The first twenty minutes featured two missed chances by Mansfield's Iyseden Christie. If you put his name into a search engine the phrases 'wasteful finishing' and 'chief culprit' keep appearing. Let go by Orient at the end of last season, he spent the summer waiting for Bristol Rovers to call: 'They said they'd ring back, but they never did.' So he went back to Mansfield.
His lifetime goals-per-game ratio is 0.19. The usually wildly optimistic club web site (Ginola for Stags, Shearer for Stags, Becks for Stags) is more tempered on Christie. 'He became a firm favourite with the fans during the following two seasons when he scored goals on a fairly regular basis.' Fairly regular.
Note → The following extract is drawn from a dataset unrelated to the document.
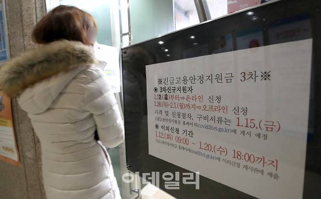 [이데일리 방인권 기자] 신종 코로나바이러스 감염증(코로나19) 사태로 어려움을 겪는 특수고용직(특고) 종사자와 프리랜서 가운데 지난해 1∼2차 긴급 고용안정지원금을 안 받은 사람을 대상으로 하는 3차 긴급 고용안정지원금 신청이 시작된 22일 오후 서울 중구 서울고용노동지방청에 신청 안내문이 붙어 있다.

And then Kevin [that should be Craig - Martin] Disley scored a rather good goal that was immediately claimed by Christie. It was the first goal Mansfield had scored at home for 300 minutes. Down on the bench, manager Stuart Watkiss looked as if nothing could have been more expected. Watkiss had been 'ordered from the dug-out for an out-of-turn comment made to the fourth official' at Oldham [that should be Wigan - Martin], and this was his first match back.
I sat behind him to see the game as he saw it. 'Geezer, geezer, you're all too far out. You're too far out,' he screamed at his defence. Watkiss was a central defender, predominantly with Walsall, and on the basis of sticking with what you know, a large majority of his advice is doled out to central defenders. Indeed, so keen is he on yelling at them he has recently changed from a 4-4-2 to a 3-4-3 formation in order to give himself an extra target.
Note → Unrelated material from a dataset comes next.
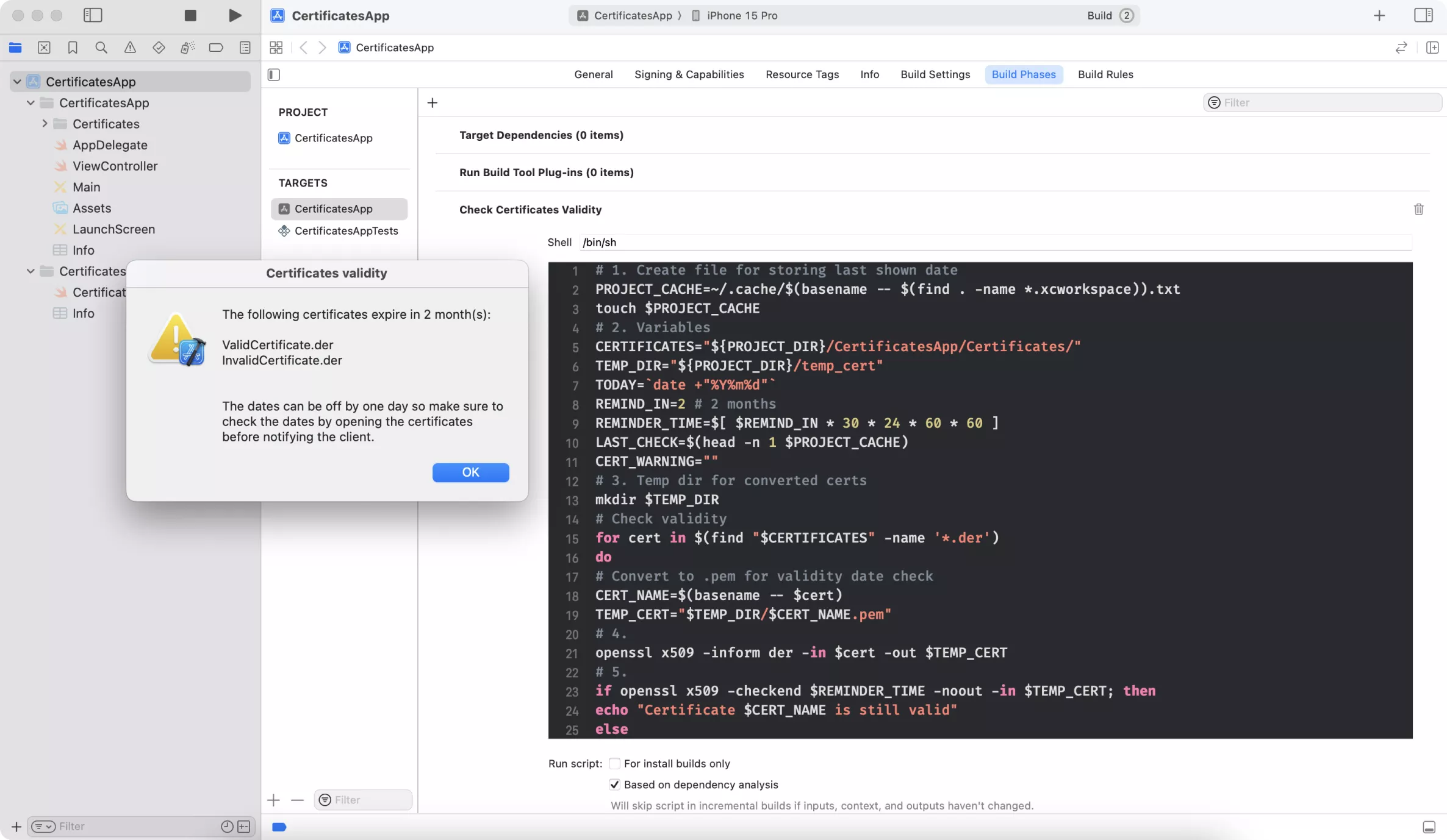 In your project, go to the Build Phases and add the New Run Script Phase named Check Certificates Validity.

Colchester equalised from a penalty. Within a minute Christie somehow scored again. 'Iyseden Chrrrristie,' screamed the PA.
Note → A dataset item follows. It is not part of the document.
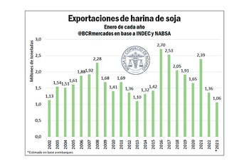 En un arranque de año en materia de ingresos de dólares por las exportaciones, para el Gobierno otra alerta es lo que sucede con el principal producto de comercialización al mundo de la Argentina: harina y pellets de soja. En 2022 representaron ventas por 25 millones de toneladas e ingresos que alcanzaron los USD 12.000 millones.

Kevin Pilkington, in the Mansfield goal, tipped the ball on to the bar. Watkiss waited for the ball to go out of play and then gave Kevin a thumbs-up sign before getting back to the task in hand and yelling at his central defenders, 'Close him up and squeeze him. Get out.'
Within minutes the announcer was back on his mike: 'Once again, the goalscorer for the Stags and his hat-trick tonight, Iyseden Chrrrrristie.
Watkiss kept up the advice. 'Dizzer, Dizzer drop in...Morro, Morro tuck short...f*****g centre halves fucking want f*****g...F*****g hell, lino, you going to earn your f*****g money or not?'
Steady Stuart, I thought, we don't want another ban. But Watkiss knew best, for seconds later the lino disallowed a perfectly acceptable Colchester goal that would have bought them level. Swear at someone for long enough and they'll do a job for you.
Into the second-half: 'Don't Dolly Daisy it, Liam, don't Dolly Daisy it, we've sent a centre-half up.... Squeeze, squeeze, squeeze....'
'The goalscorer yet again Iyseden Chrrrrristie,' said the PA. The first 'yet again' of his career?
'Squeeze, squeeze, squeeze, pass, get out, get out, get out, squeeze, squeeze, we don't have to do fancy, pass, come on George,' exhorted Watkiss, even though not one of his team is called George.
They won 4-2. As Christie came off the fans attempted a chant. By the time he acknowledged it, they had stopped. This did not prevent him doing so again. And why not? It's not often a 0.19 man scores 4.0.